2. Revit Secondary Development Technology

2.1. Revit API Toolkit

Revit software is a series of software designed for building information modeling (BIM) developed by Autodesk, through which Revit can effectively solve the problem of model-driven design and improve the efficiency and quality of design [7,21]. In order to meet specific project requirements, the functionality of Revit software needs to be extended and customized, usually by using Revit API for in-depth development or writing Revit built-in scripts for automation. Also, to simplify repetitive tasks, the Revit macro editor is utilized. The majority of Revit external applications in use today are installed on the platform through a variety of secondary development routes that provide a wide range of customization options and enhancements [22,23]. Among them, Revit API, as the most direct and powerful development tool, provides developers with the ability to interact with Revit’s core functionality in depth and is the preferred method to achieve customized functionality extensions [24,25]. Revit API contains a rich set of namespaces, classes, and their functions and attributes, which are resources that provide strong support for secondary development and greatly reduce the difficulty of development, enabling developers to extend and customize the functionality of Revit software more efficiently. In the development of the template library, a variety of Revit API built-in functions and classes are used, such as using the methods in the Document class to create, delete, or modify elements, and using the Transaction class to encapsulate changes to ensure that they are executed in a single transaction. For view manipulation, the View class and its subclasses are used to obtain, create, or modify views. While built-in functions can address the implementation of basic functionality, they are not designed to be “plug and play” solutions for specific applications or template libraries. Therefore, when developing template libraries for automated family assembly, custom classes or functions are often needed to meet specific functionality requirements to support automated family alignment and accurate model placement.

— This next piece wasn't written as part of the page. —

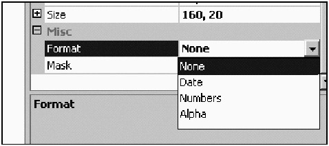 You can see that this new control looks the same as the TextBox. Click the Masked Edit control and look at the properties. You should see the two new properties at the bottom of the list. Click the Format property and the enumeration will appear (see Figure 8-10).

Table 1. Main functions or classes of template library.

Name	Clarification
TemplateArrangeView	Template layout view
TemplateArrangeVm	Template layout view model
DrawingCanvas	Customized drawing boards
TemplateConfigView	Template setting view
WindowPlaceBottomPlate	Placing the baseboard window
PlaceBottomPlateVm	Placement of the base plate view model
IPlaceLockChamberBottomPlate	Docking board interface
WindowPlaceWingWall	Placement of wing wall windows
PlaceWingWallVm	Placement of wing wall view model

shows the main Revit API custom functions or classes used to build template libraries.

Revit API provides two ways to extend its functionality: one is the IExternal Command interface, which is used to define external commands, in which the user clicks on the added command button to launch the corresponding command generated by the secondary development; and the other way, the IExternal Application interface, is used to create an external application, i.e., to add menus or toolbars, which is automatically executed when Revit starts and shuts down. Since IExternal Application provides a higher level of extensibility, it is common to use IExternal Application to overload OnStartup( ) and OnShutdown( ) functions to realize the development of functions.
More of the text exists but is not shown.